El planteamiento parecía razonable, pero a pesar del tranquilizador envoltorio teórico, mi plato seguía estando formado por una hoja tan insignificante que, en aquel momento, lo significaba todo. Siguiendo el razonamiento expuesto, cabía preguntarse si la obra de arte es siempre genial por el mero hecho de serlo, buena por definición, o si por el contrario es posible conceptuar algo como obra de arte y al mismo tiempo concluir que esta es chapucera o de escasa calidad. ¿Existe la obra de arte mala? ¿Era aquella hoja una genialidad solo por tratarse de un ejemplo de arte culinario? La pregunta, todavía en mi garganta, comenzaba a perder su forma entre divagaciones ajenas justo cuando el jefe de sala se acercó y nos explicó qué sensación debíamos experimentar al probar la hoja —por si acaso se trataba de una hoja embustera, supongo yo—. Lo siguiente fue probarla, quiero decir, sentirla, experimentarla, y por fin confirmar lo poco que nos importaba fingir nuestra conformidad con el criterio del jefe de sala. Faltaría más.
La duda continuó rondándome unos días, como un catarro mal curado, hasta que el fin de semana siguiente comenté con unos amigos lo sucedido, habida cuenta de que esta clase de debates bizantinos cojean cuando uno los tiene consigo mismo. Darío Diéguez, hombre de letras, jurista y conversador oportuno, arrojó entonces algo de luz sobre la cuestión trayendo a colación el ejemplo del Metal Machine Music de Lou Reed, que encajó en la historia como la pieza larga en el Tetris.
La leyenda, que siempre peca de sensacionalista, cuenta que ese extraño disco fue el modo en que Lou Reed se vengó de su sello discográfico, RCA, y a la vez la excusa para romper su contrato. El autor siempre lo ha negado argumentando que se trataba de una pieza artística que venía madurando desde hacía seis años, incluso antes del fin de The Velvet Underground, y que a pesar de consistir en un producto muy pensado, no había podido llevarlo a cabo debido a que hasta entonces no había dispuesto de tiempo suficiente ni del instrumental técnico adecuado. Que lo grabase en un solo día con varias guitarras desafinadas y recursos anticuados no es algo que respalde demasiado su postura, desde luego.
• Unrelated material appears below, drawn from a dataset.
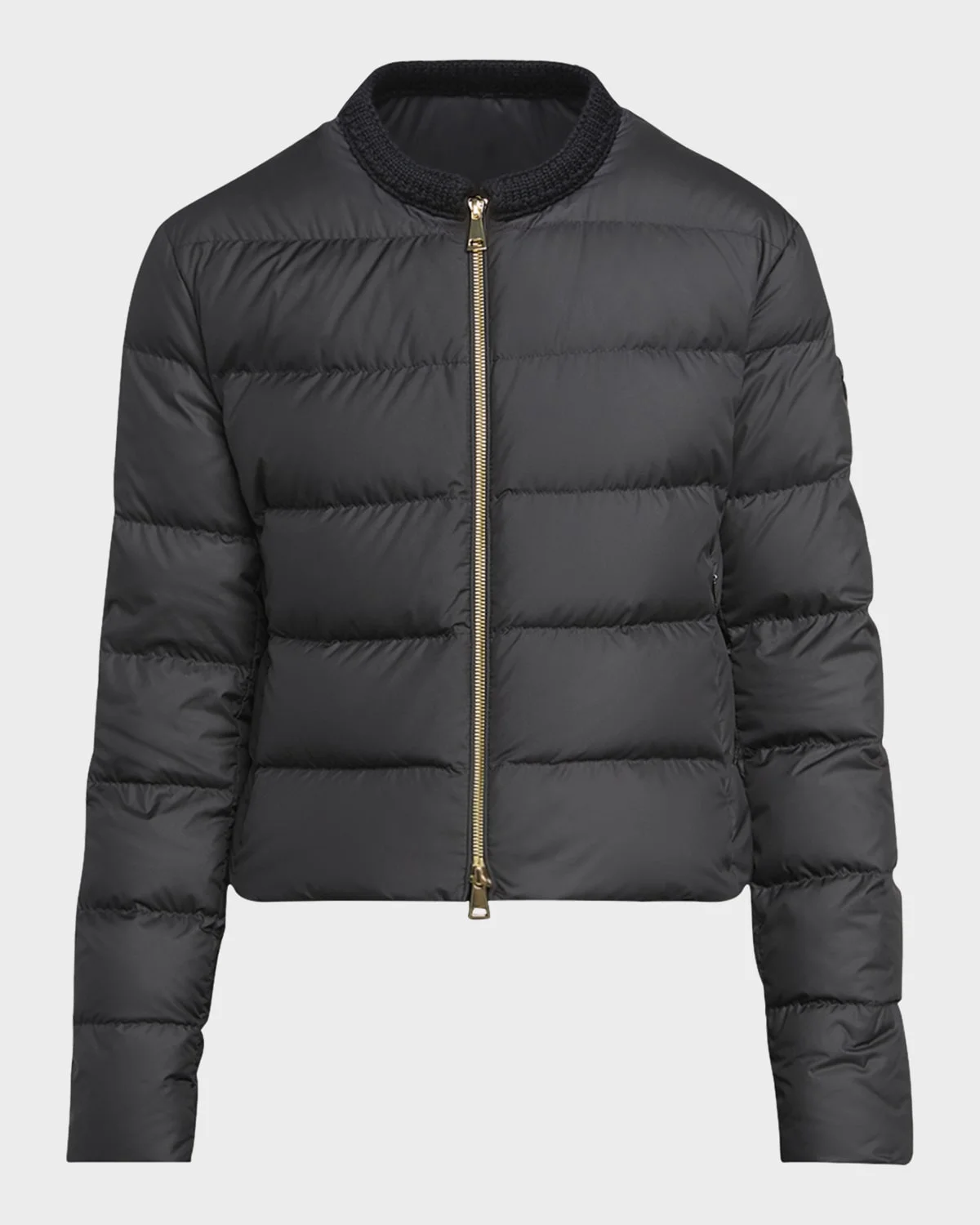 - Moncler "Mauvezin" quilted puffer jacket embellished with a heavy knit collar and gold-tone hardware - Round neckline - Long sleeves - Tonal leather logo patch at left sleeve - Side zip pockets - Classic fit - Hem sits at the hip - Two-way zip-front - Polyester/leather - Fill: Down/feather - Lining: Polyester - Hand wash - Imported

Lo cierto es que Reed estaba harto de que RCA le exigiese retornar a la senda del Transformer, con «Perfect Day», «Walk on the Wild Side» y «Satellite of Love» en el podio. Él prefería experimentar con un sonido más oscuro y personal, como en los álbumes Berlin y Sally Can’t Dance, pero la compañía lo presionaba para que su principal preocupación fuese recuperar el éxito comercial. Como resultado, cuando recibieron el material en el que el músico había estado trabajando, no supieron qué hacer con él. Tenían ante ellos más de una hora de estridencias sin sentido, carentes de patrones rítmicos o armonías lógicas. La Ciudad de los Inmortales de Borges convertida en disco. Podían haberlo desterrado en algún cajón con poca luz y mal ventilado, pero finalmente decidieron publicarlo a través del sello Blue Point, filial de RCA dedicada a la música experimental, arriesgándose a colocar solo mil quinientas copias en el mercado. Tal vez el autor había cumplido con su obligación de entrega, pero ellos no estaban dispuestos a echar el resto por algo que no estaba claro si se ubicaba del lado de la genialidad o la tomadura de pelo.
Los ejemplares distribuidos constaban de dos vinilos, cada uno con dos caras de 16:01 minutos de ruido salvo la última, que a pesar de tener la misma duración que las otras tres, no permitía que la aguja del tocadiscos abandonase el último surco, sonando hasta el infinito. Muchos de los que lo compraron regresaron a la tienda para devolver su copia creyendo que el disco estaba estropeado. Otros, directamente, lo tiraron a la basura. Quienes lo conservaron lo hicieron porque entendieron que se trataba de una curiosa palateta, porque fueron capaces de advertir la dimensión artística del álbum, o porque sospecharon que con el tiempo se convertiría en un disco de culto.
Y así fue. Con independencia de si en 1975 se trataba de una maravilla o un esperpento, el paso de los años terminó dotándolo de un extraordinario valor, como aquel reloj que el malvado Belloq sujetaba delante de Indiana Jones mientras decía: «Mira esto. No tiene valor. Solo diez dólares a un vendedor ambulante. Pero si lo cojo y lo entierro en la arena durante mil años, ya no tiene precio. Como el Arca». El miedo al fracaso que llevó a RCA a publicar un número tan reducido de copias fue el mismo que convirtió al Metal Machine Music en una de las obras más cotizadas de Lou Reed. El destino y sus ironías.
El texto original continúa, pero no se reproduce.